Reportedly, British Comedy Guide attracts over 500,000 unique visitors a month, making it Britain's most-visited comedy-related reference website.

==Background==

The logo for the British Comedy Guide between 11 May 2009 and 1 January 2011

The BCG logo between 2 January 2011 and 15 January 2016

The website was founded in August 2003 initially as the British Sitcom Guide (BSG), a website focused on British sitcom TV programmes. The website was created by Mark Boosey, a freelance web developer, originally as a hobby. However, in 2008, the remit of the website was relaunched as British Comedy Guide. Other features added since the site's re-launch in 2008 include a series of podcasts, a section featuring interviews with people working in the British comedy industry, and a Twitter-based news service.

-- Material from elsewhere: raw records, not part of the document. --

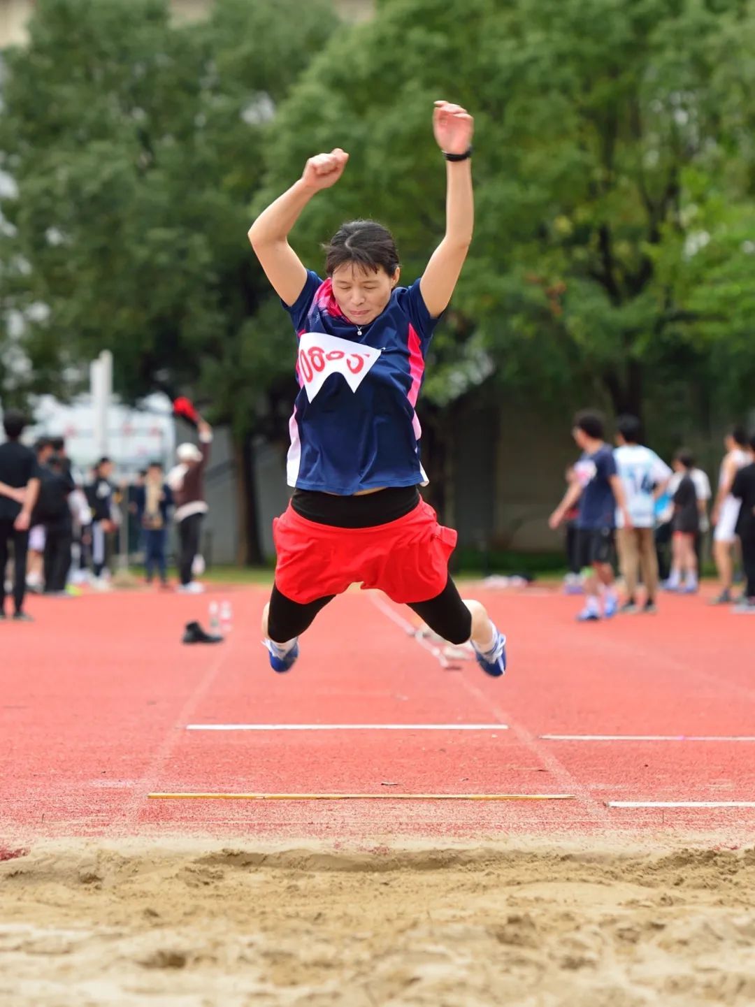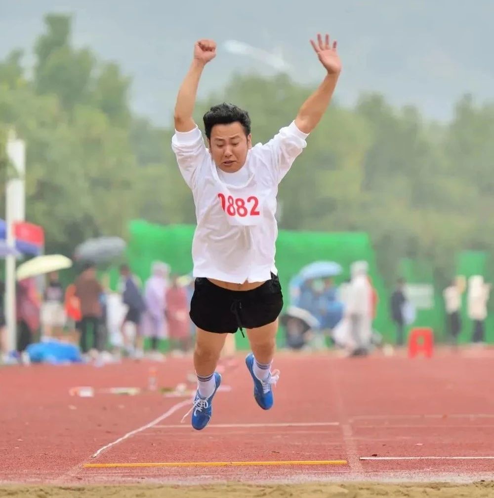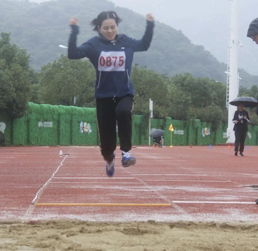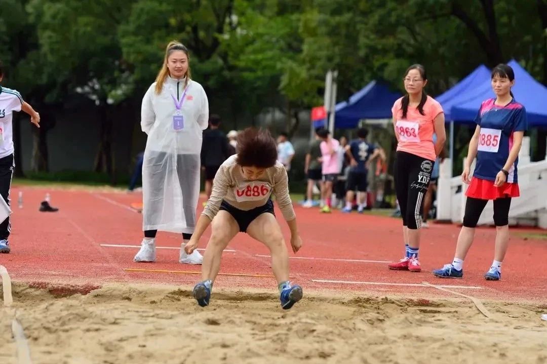 董仙飞获教乙中年女子立定跳远第三名。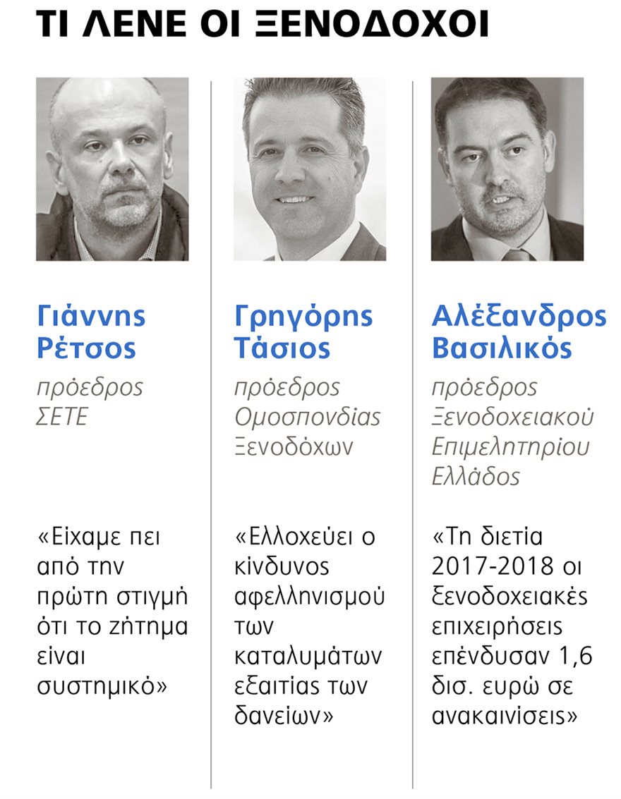 Την ίδια στιγμή, συναγερμός έχει σημάνει και στις τράπεζες για τα δάνεια των ξενοδόχων. Οπως αναφέρουν οι πληροφορίες, πρόκειται για έναν από τους μεγάλους πονοκεφάλους που έχει να αντιμετωπίσει το οικονομικό επιτελείο, εν μέσω της εντεινόμενης πίεσης από πλευράς του ξενοδοχειακού κλάδου για άμεσα μέτρα -από χθες-, όπως τονίζουν χαρακτηριστικά οι φορείς μέσα από τα επίσημα όργανά τους, τον ΣΕΤΕ, το Ξενοδοχειακό Επιμελητήριο και την Πανελλήνια Ομοσπονδία Ξενοδόχων.
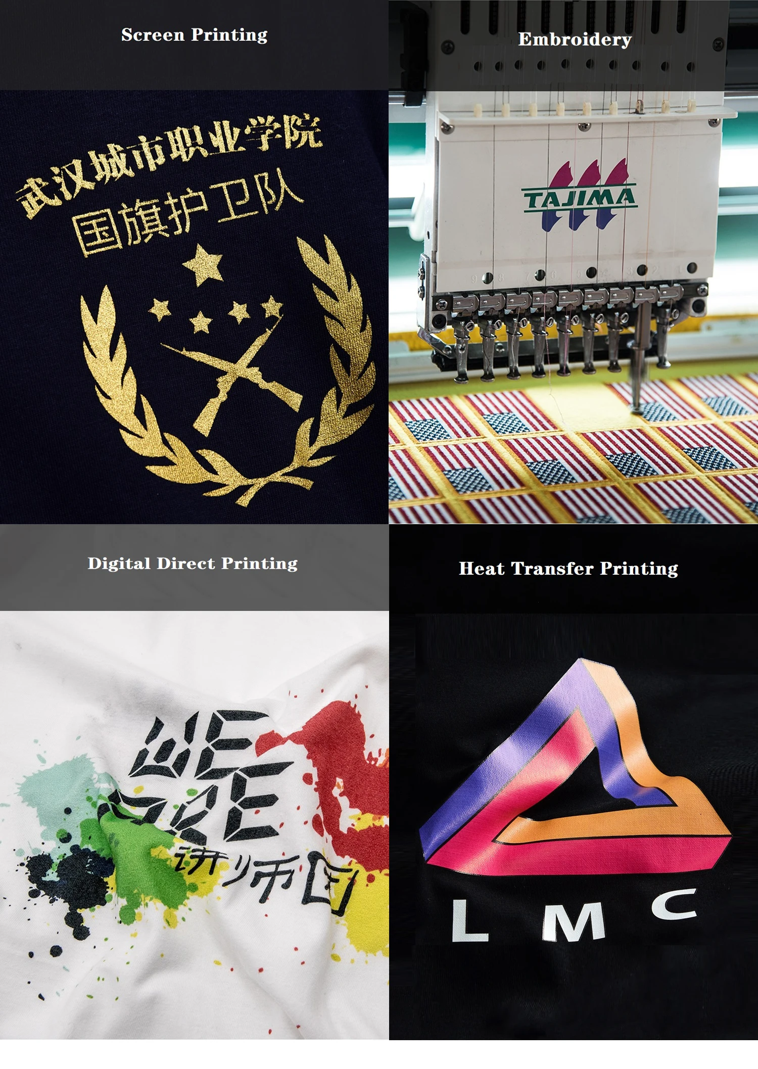 We have advanced printing and dyeing technology, heat transfer printing, scree printing, direct digital printing, Embroidery...

The website went through another relaunch in 2016, where it underwent a redesign of the layout and a new logo which depicts a yellow crown on the word 'Guide'.

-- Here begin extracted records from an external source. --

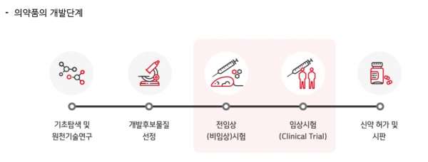 가장 기본적인 의약품의 신약개발 단계는 이렇습니다. ▲기초탐색 및 원천기술연구 과정 ▲개발후보물질 선정 단계 ▲전임상(비임상)시험 단계 ▲임상시험(Clinical Trial)과정 ▲신약 허가 및 시판 순으로 이뤄집니다.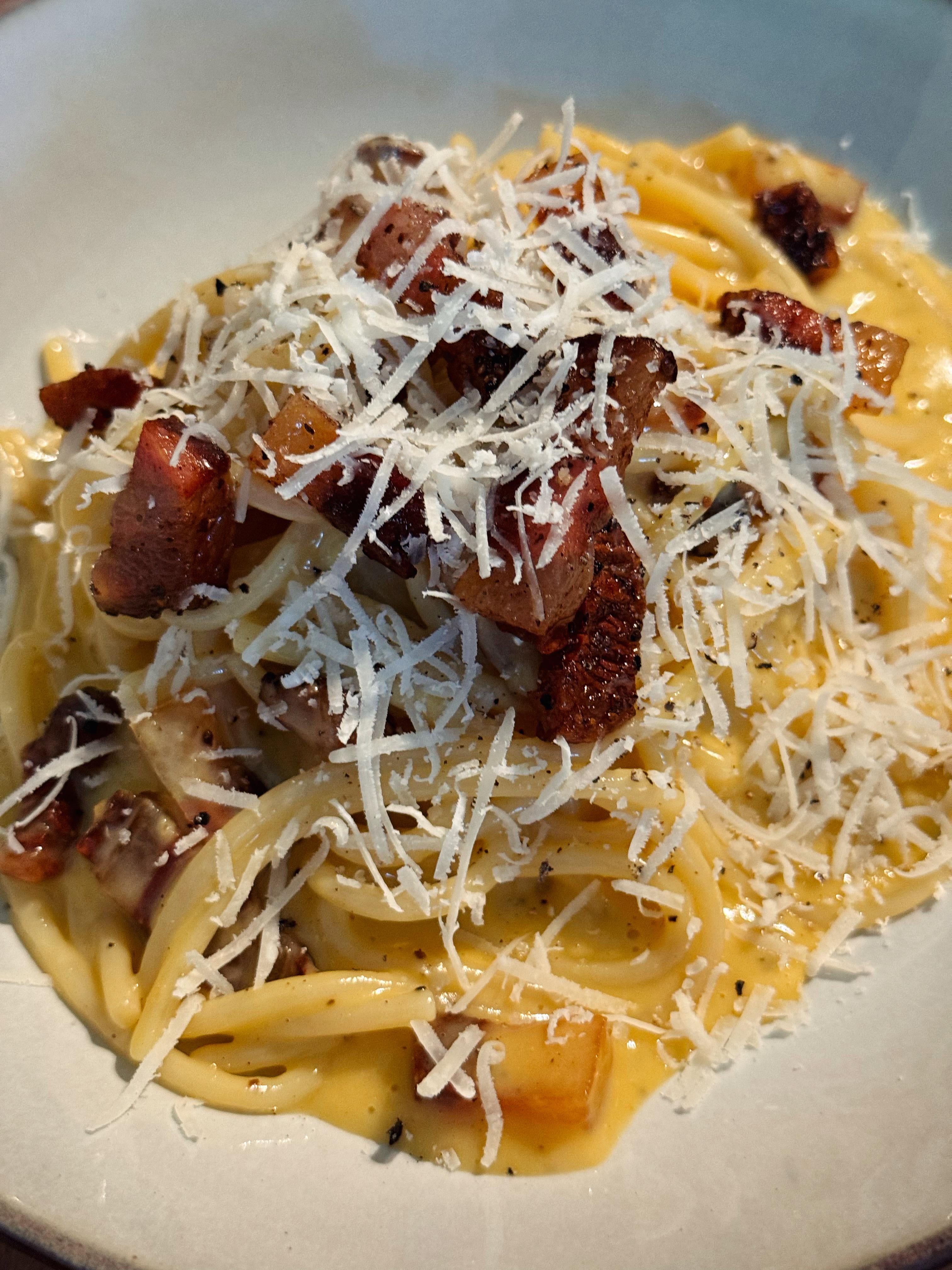with guanciale, eggs, parmegiano reggiano (instead of pecorino because of personal taste) and bronze cut spaghetti.by leitzleitz Homemade DishPastaWrite A CommentYou must be logged in to post a comment.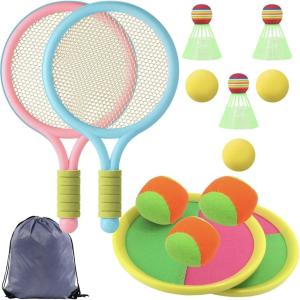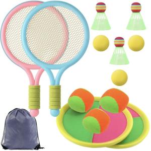 Sweet Plus テニス バドミントン ミニラケット おもちゃ 子供 羽付き 外遊び アウトドア 室内 スポーツ 運動 (ピンクxブルー)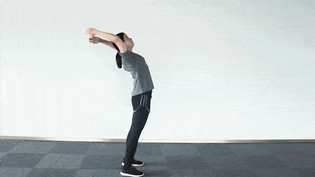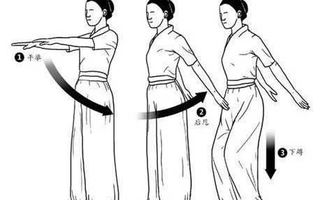 练习时需站立,肩松,两手臂下垂伸直于体侧,双手臂前伸上抬,甩至头顶上方,同时配合挺胸仰头,再将双臂返回前甩至下后方,同时配合伸腰低头活动,如此连续甩手7~14次。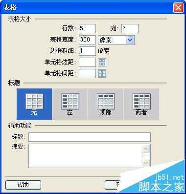 2、邊框粗細為1像素,單元格邊距和間距為零。(默認狀態即可)

In 2015, BCG's data specialist Ian Wolf was awarded the inaugural "Unsung Hero" at the first FringePig Ham Fist awards for his work collating reviews during that year's Edinburgh Festival Fringe.

== Key people ==

| Ref | Joined | Person | Job Title(s) |
|---|---|---|---|
|  | 2003 | Mark Boosey | Site Editor |
|  | 2005 | Aaron Brown | Note |
|  | 2006 | Ian Dunn (aka Ian Wolf) | Data Specialist |
|  | 2009 | Si Hawkins | Regular Columnist |
|  | 2026 | Tim Dawson | Editor, BCG pro |

==Podcasts==
BCG hosts multiple podcasts, some of which have gone on to win awards. As It Occurs to Me was nominated for a Sony Radio Academy Award in 2010, Do the Right Thing won the Bronze Sony Award for "Best Internet Programme" in 2012, Pappy's Flatshare Slamdown won at the 2012 Loaded Lafta Awards for "Best Podcast", and Richard Herring's Leicester Square Theatre Podcast won the Bronze Sony Radio Award for comedy in 2013.

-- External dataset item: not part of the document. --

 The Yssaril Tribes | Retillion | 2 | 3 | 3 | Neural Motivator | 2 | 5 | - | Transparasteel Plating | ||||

In June 2013, an episode of Richard Herring's Leicester Square Theatre Podcast saw host Richard Herring interviewing Stephen Fry, in which Fry revealed that he had attempted to commit suicide. The story has been reported in the BBC and Sky News.

The podcasts hosted by BCG are:

| Name | Year |
|---|---|
| The Collings and Herrin Podcast | 2008–2011 |
| Richard Herring: As It Occurs to Me | 2009–2011 |
| What Are You Laughing At? | 2011–2014 |
| Richard Herring's Edinburgh Fringe Podcast | 2011–present |
| Me1 vs Me2 Snooker with Richard Herring | 2011–present |
| Pappy's Flatshare Slamdown | 2011–present |
| Do the Right Thing | 2011–2019 |
| Talking Cock with Richard Herring | 2012–2013 |
| Live from Kirrin Island | 2012–2015 |
| Mat Ricardo's London Varieties | 2012–2013 |
| No Pressure to Be Funny | 2011–2015 |
| Richard Herring's Leicester Square Theatre Podcast | 2012–present |
| The John Dredge Nothing to Do with Anything Show | 2013–2020 |
| The Comedian's Comedian with Stuart Goldsmith | 2013–present |
| Richard Herring: We're All Going to Die | 2013 |
| Margaret Thatcher Queen of Podcasts | 2015 |
| Sitcom Geeks | 2015–2023 |
| My Dad Wrote a Porno | 2015–2022 |
| ManBuyCow | 2015–present |
| Richard Herring: Happy Now? | 2016 |
| Isy Suttie's The Things We Do for Love | 2016–present |
| The Adventures of Grett Binchleaf | 2016–present |
| Hayley & Ruth: Two Stars | 2016–present |

==See also==
- Chortle (live comedy in the UK)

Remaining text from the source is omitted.